On Tue, Nov 3, 2020 at 2:04 AM Jan Kara <jack@xxxxxxx> wrote:
>
> On Fri 30-10-20 09:45:10, harshad shirwadkar wrote:
> > > > > > > > +
> > > > > > > > +     return 0;
> > > > > > > > +}
> > > > > > > > +
> > > > > > > > +/*
> > > > > > > > + * Writes updated data ranges for the inode in question. Updates CRC.
> > > > > > > > + * Returns 0 on success, error otherwise.
> > > > > > > > + */
> > > > > > > > +static int ext4_fc_write_inode_data(struct inode *inode, u32 *crc)
> > > > > > > > +{
> > > > > > > > +     ext4_lblk_t old_blk_size, cur_lblk_off, new_blk_size;
> > > > > > > > +     struct ext4_inode_info *ei = EXT4_I(inode);
> > > > > > > > +     struct ext4_map_blocks map;
> > > > > > > > +     struct ext4_fc_add_range fc_ext;
> > > > > > > > +     struct ext4_fc_del_range lrange;
> > > > > > > > +     struct ext4_extent *ex;
> > > > > > > > +     int ret;
> > > > > > > > +
> > > > > > > > +     mutex_lock(&ei->i_fc_lock);
> > > > > > > > +     if (ei->i_fc_lblk_len == 0) {
> > > > > > > > +             mutex_unlock(&ei->i_fc_lock);
> > > > > > > > +             return 0;
> > > > > > > > +     }
> > > > > > > > +     old_blk_size = ei->i_fc_lblk_start;
> > > > > > > > +     new_blk_size = ei->i_fc_lblk_start + ei->i_fc_lblk_len - 1;
> > > > > > > > +     ei->i_fc_lblk_len = 0;
> > > > > > > > +     mutex_unlock(&ei->i_fc_lock);
> > > > > > > > +
> > > > > > > > +     cur_lblk_off = old_blk_size;
> > > > > > > > +     jbd_debug(1, "%s: will try writing %d to %d for inode %ld\n",
> > > > > > > > +               __func__, cur_lblk_off, new_blk_size, inode->i_ino);
> > > > > > > > +
> > > > > > > > +     while (cur_lblk_off <= new_blk_size) {
> > > > > > > > +             map.m_lblk = cur_lblk_off;
> > > > > > > > +             map.m_len = new_blk_size - cur_lblk_off + 1;
> > > > > > > > +             ret = ext4_map_blocks(NULL, inode, &map, 0);
> > > > > > > > +             if (ret < 0)

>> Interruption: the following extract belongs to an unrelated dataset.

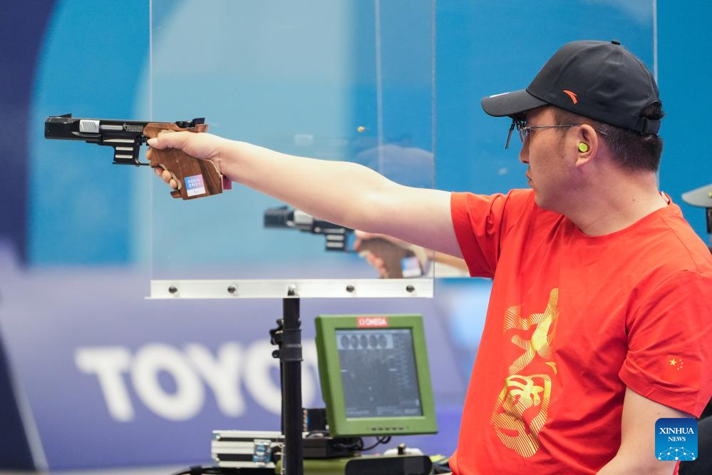 CHATEAUROUX, 3 septiembre, 2024 (Xinhua) -- Imagen del 2 de septiembre de 2024 de Yang Chao de China compitiendo durante la final P3 de pistola mixta 25m SH1 de para tiro olímpico en los Juegos Paralímpicos de París 2024, en Chateauroux, Francia. (Xinhua/Peng Ziyang)
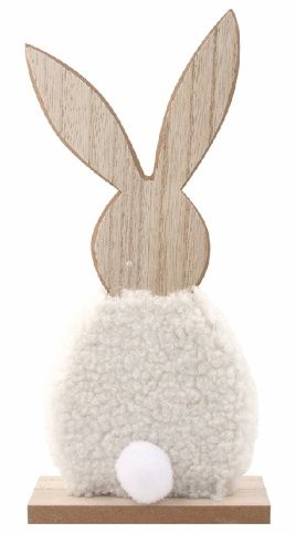 Zajíc dřevěný v bílém kožíšku 11 x 23 x 4 cm na postavení

> > > > > > > > +                     return -ECANCELED;
> > > > > > >
> > > > > > > So isn't this actually racy with a risk of stale data exposure? Consider a
> > > > > > > situation like:
> > > > > > >
> > > > > > > Task 1:                         Task 2:
> > > > > > > pwrite(file, buf, 8192, 0)
> > > > > > > punch(file, 0, 4096)
> > > > > > > fsync(file)
> > > > > > >   writeout range 4096-8192
> > > > > > >   fastcommit for inode range 0-8192
> > > > > > >                                 pwrite(file, buf, 4096, 0)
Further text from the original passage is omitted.